Change one observation to be an outlier (e.g., add 500 to one observation), and recompute the seasonally adjusted data. What is the effect of the outlier?
plastics1 = plastics
plastics1[51] = plastics1[51] + 500
multdecomp.outlier <- decompose(plastics1, type= "multiplicative")
autoplot(plastics1, series="Observed") +
autolayer(trendcycle(multdecomp.outlier), series="Trend") +
autolayer(seasadj(multdecomp.outlier), series="Seasonal")
## Warning: Removed 12 row(s) containing missing values (geom_path).
The outlier seems to have a very local effect on the data. Generally, the trend and seasonal adjusted data don’t change much except those points in close proximity to the outlier.
Does it make any difference if the outlier is near the end rather than in the middle of the time series?
plastics2 <- plastics
plastics2[30] = plastics2[30] + 500
multdecomp.outlier1 <- decompose(plastics2, type= "multiplicative")
autoplot(plastics2, series="Observed") +
autolayer(trendcycle(multdecomp.outlier1), series="Trend") +
autolayer(seasadj(multdecomp.outlier1), series="Seasonal")
## Warning: Removed 12 row(s) containing missing values (geom_path).
While the outliers tend to have significant local impacts, they do not seem to substantially impact the seasonal and trend data as a whole, regardless of the location of the outlier.
Recall your retail time series data (from Exercise 3 in Section 2.10).
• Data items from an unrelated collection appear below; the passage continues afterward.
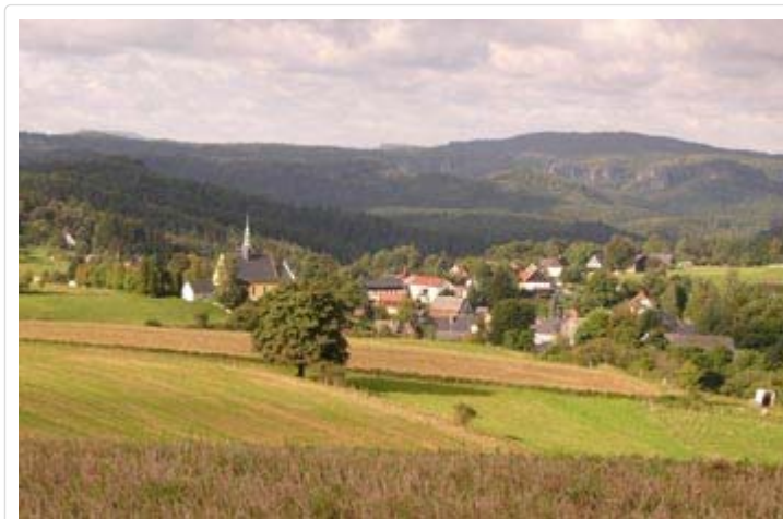
Blick von der Emmabank über Hinterhermsdorf und der herrlichen Felsenwelt

Inzwischen hatte ich mich im wunderschönen sächsischen Felsengebirge gut eingelebt, kam wirklich super mit den Mitmenschen zurecht und hatte auch eine stabile persönliche Situation - ich wollte von dort nicht wieder weg!
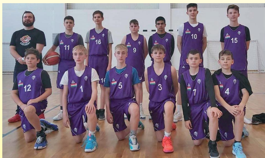
SKSE - U14
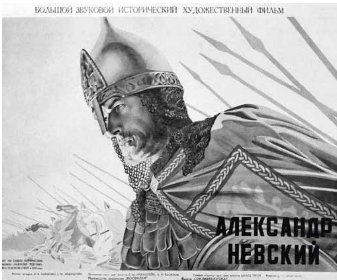
Афиша к фильму С. Эйзенштейна «Александр Невский».

Александр Невский – весьма разноплановый персонаж русской истории. Это и реальный политик XIII в. – князь Александр Ярославич, представитель владимиро-суздальской ветви Рюриковичей-Мономаховичей, который при жизни не носил прозвание Невского. Это и эпический Александр Невский, который в XIV–XVIII вв. постепенно превращался в символ российской национальной и государственной идентичности. Причем образ последнего, эпического Александра Невского в разные эпохи трактовали по-своему, и даже XX столетие сумело внести свой значительный вклад в мифологизацию легендарного двойника князя. (Вспомним прекрасный фильм С. Эйзенштейна «Александр Невский».)
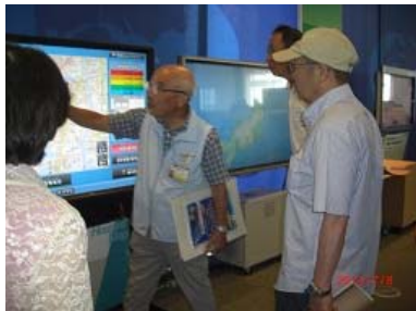
(神戸 防災センターにて防災研修)

各町内会での防災組織づくり(行政と町内会との協働) 現在の市の防災体制調査(行政と各種団体との協働) 各家庭に災害未然防止を周知(町内会・各種団体) 各町内に避難場所の看板設置(行政・町内会) 各町内で防災、避難訓練の実施(行政・町内会・各種団体) 高齢者・要援護者の把握(町内会・各種団体)
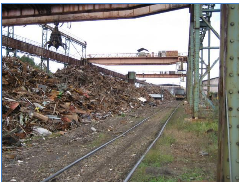
Slika 6. Privremeno odlaganje/skladištenje čeličnog otpada na nezaštićenom tlu [22]
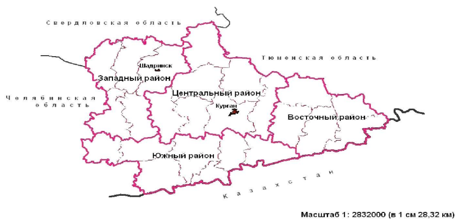
Рис. 4. Районирование Курганской области на основе оценки эколого-экономической устойчивости

В ходе районирования территории Курганской области на основе оценки эколого-экономической устойчивости было выделено 4 района: Центральный, Западный, Восточный и Южный (рис. 4).
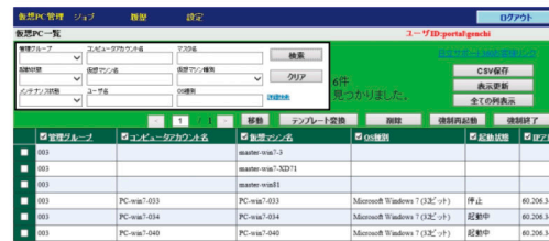
運用管理支援ポータル（サービスポータル）画面

*1 運用管理支援ポータルが利用可能なメニューについては弊社担当営業にお問い合わせください。

Decompose the series using X11. Does it reveal any outliers, or unusual features that you had not noticed previously?
retail <- read.csv("tute1.csv")
library(seasonal)
## Warning: package 'seasonal' was built under R version 4.0.5
time.retail <- ts(retail[,"Sales"], frequency=12, start=c(1982,4))
retail.x11 <- seas(time.retail, x11="")
autoplot(retail.x11, main="X11 Decomposition", xlab="Year")
There are some significant outliers at 1987 and towards the end of 1989. There is also a significant jump/plateau in the trend at this second outlier, which seems less like a “trend” and more like a unique occurence that has been partly embodied in the trend component and partly emobodied in the remainder. This means this outlier/occurrence is quite significant, if we are to combine these components.
Write about 3–5 sentences describing the results of the decomposition. Pay particular attention to the scales of the graphs in making your interpretation.
This decomposition is quite good, though it could be a consequence of the data. The trend component is a very smooth uptrend, growing 6500 (thousand ?) people to 9000 (thousand) people over 20 years. The seasonal component shows a cyclical yearly nature of employment (which makes sense given fiscal-year/quarter related layoffs), ranging from -100 to 100 (thousand) people. This cyclical/quarterly seasonality is supported by the monthly plot. However, there is a large remainder in the main decomposition plot of negative 300 (thousand) coinciding with 1991/1992.
Is the recession of 1991/1992 visible in the estimated components?
The 1991/1992 recession is very visible in the remainder component of the decomposition. The seasonal and trend components appear quite “outlier robust”, as the remainder component embodies nearly all of this outlier event, which is what you want in your decomposition.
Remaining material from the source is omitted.